I'm not going to lie; it took me a little while to wrap my head around those stubs before implementing a TCP transport and semaphore triggers to unblock outstanding RPC function calls. However, it seemed much easier to do that than write a plugin for protoc to generate code that did roughly the same thing.

I'm currently considering RPC implementations for a personal project I'm working on. Right now I may end up trying Thrift since it seems to support RPC out of the box, but my ultimate goal is to have a WebSockets transport which Thrift doesn't provide. I may end up contributing to Cap'n Proto if it looks like the effort required to get RPC up and running has at least some parity with the effort required to extend Thrift for my needs.

It's clear from your planned use of futures and shared memory that your goal for Cap'n Proto is to make it the go-to library for communication in parallel computing. I'm definitely eager to see Cap'n Proto succeed in that endeavor. JSON is great for readability but it really isn't going to cut the cake when efficiency matters!

I hope you haven't forgotten to see if ICE might work for you, before you go looking at these "new" things (Not assuming you haven't, but it seems ICE fell a little out of hype from the day protobuf launched. I'm not convinced that fall from hype was entirely justified):

https://bitbucket.org/arco_group/example.ice-websocket

I look forward to hearing from you, should you decide to contribute. :) A web socket transport for Cap'n Proto would make a lot of sense, particularly if paired with a Javascript implementation, which one or two people have claimed they might create. I expect it will be easy to hook this in as a transport without disturbing much of the RPC implementation.
One random idea that just hit me if you're thinking about RPC layers anyways. Make sure that Cap'n Proto plays well with 0MQ. They probably do already, but a published example or two demonstrating it would not be a bad thing.
You can certainly send Cap'n Proto messages over 0MQ (or nanomsg) pretty easily -- Cap'n Proto gives you bytes, 0MQ takes bytes. Done deal.

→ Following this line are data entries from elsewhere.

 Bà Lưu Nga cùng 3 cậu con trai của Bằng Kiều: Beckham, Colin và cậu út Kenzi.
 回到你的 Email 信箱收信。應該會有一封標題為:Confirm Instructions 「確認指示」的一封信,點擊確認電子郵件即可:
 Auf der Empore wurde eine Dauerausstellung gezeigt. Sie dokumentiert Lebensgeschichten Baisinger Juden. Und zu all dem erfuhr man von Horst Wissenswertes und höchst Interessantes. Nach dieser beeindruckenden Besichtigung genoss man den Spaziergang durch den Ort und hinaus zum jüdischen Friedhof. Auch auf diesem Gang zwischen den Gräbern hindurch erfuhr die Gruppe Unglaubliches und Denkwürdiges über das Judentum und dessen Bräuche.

However, supporting Cap'n Proto's planned RPC system on top of 0MQ may not work so well. The thing is, 0MQ implements specific interaction patterns, such as request/response, publish/subscribe, etc. Meanwhile, Cap'n Proto RPC is based on a different, more fundamental object-oriented model that doesn't fit into any of these patterns. A Cap'n Proto connection does not have a defined requester or responder -- both sides may hold any number of references to objects living on the other side, to which they can make requests at any time. So it fundamentally doesn't fit into the req/rep model, much less things like pub/sub. On the other hand, you can potentially build a pub/sub system on top of Cap'n Proto's model (as well as, trivially, a req/rep system).

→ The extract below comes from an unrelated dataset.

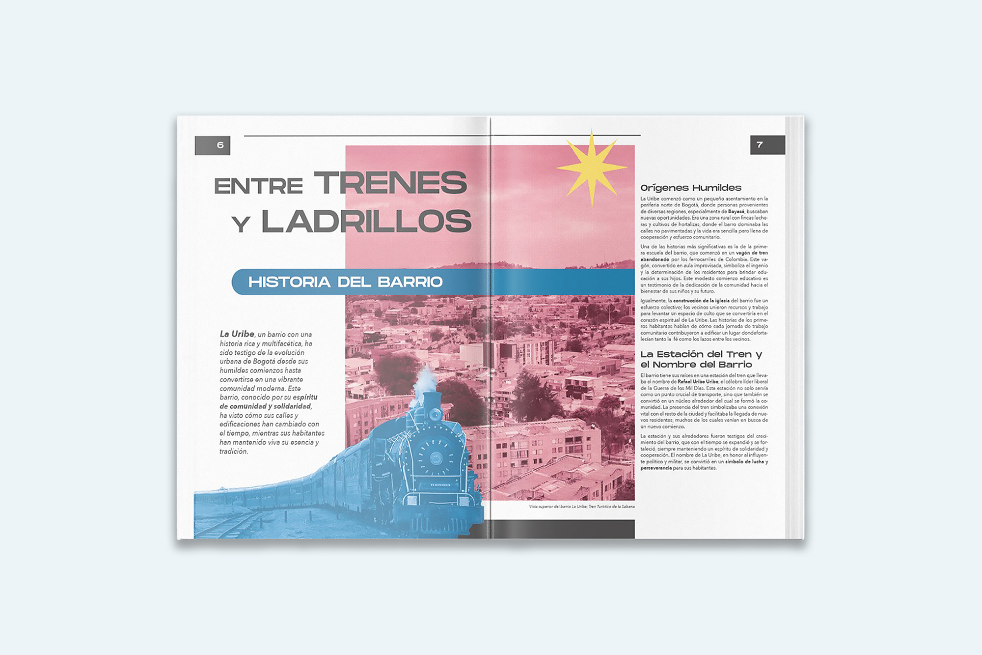 Raíces: La Uribe es una revista creada para documentar la historia, cultura y vida cotidiana del barrio La Uribe en Bogotá. El proyecto incluyó investigación de campo, entrevistas con habitantes clave y registro fotográfico original tomado por mí. La publicación rescata memoria local a través de relatos, retratos y crónicas que muestran la identidad del barrio y su comunidad desde una mirada honesta y cercana.

I discussed this a bit on the mailing list:

https://groups.google.com/d/msg/capnproto/JYwBWX9eNqw/im5r_E...

At least, this is my understanding based on what I've managed to read so far of 0MQ's docs. I intend to investigate further, because it would be great to reuse existing work where it makes sense, but at the moment it isn't looking like a good fit. If I've missed something, definitely do let me know.

The killer feature that I like for 0MQ is that you can support message passing asynchronously, even when the other side is not currently up. For instance in a request/response pattern, one side might go away, get restarted, reinitialize, and then they carry on as if there wasn't a period in the middle where there was no connection. This kind of robust handling of network interruptions is very convenient for many use cases.

However what you describe isn't necessarily going to fit into that. The #1 thing that your description makes me wonder about is whether RPCs are going to be synchronous or asynchronous. So, for instance, if you hand me a data structure with a list objects that are references to data that I want to have, and I decide that I need 10 of them, do I have to pay for the overhead of 10 round trips, or can I say, "I need these 10" and get them all at once?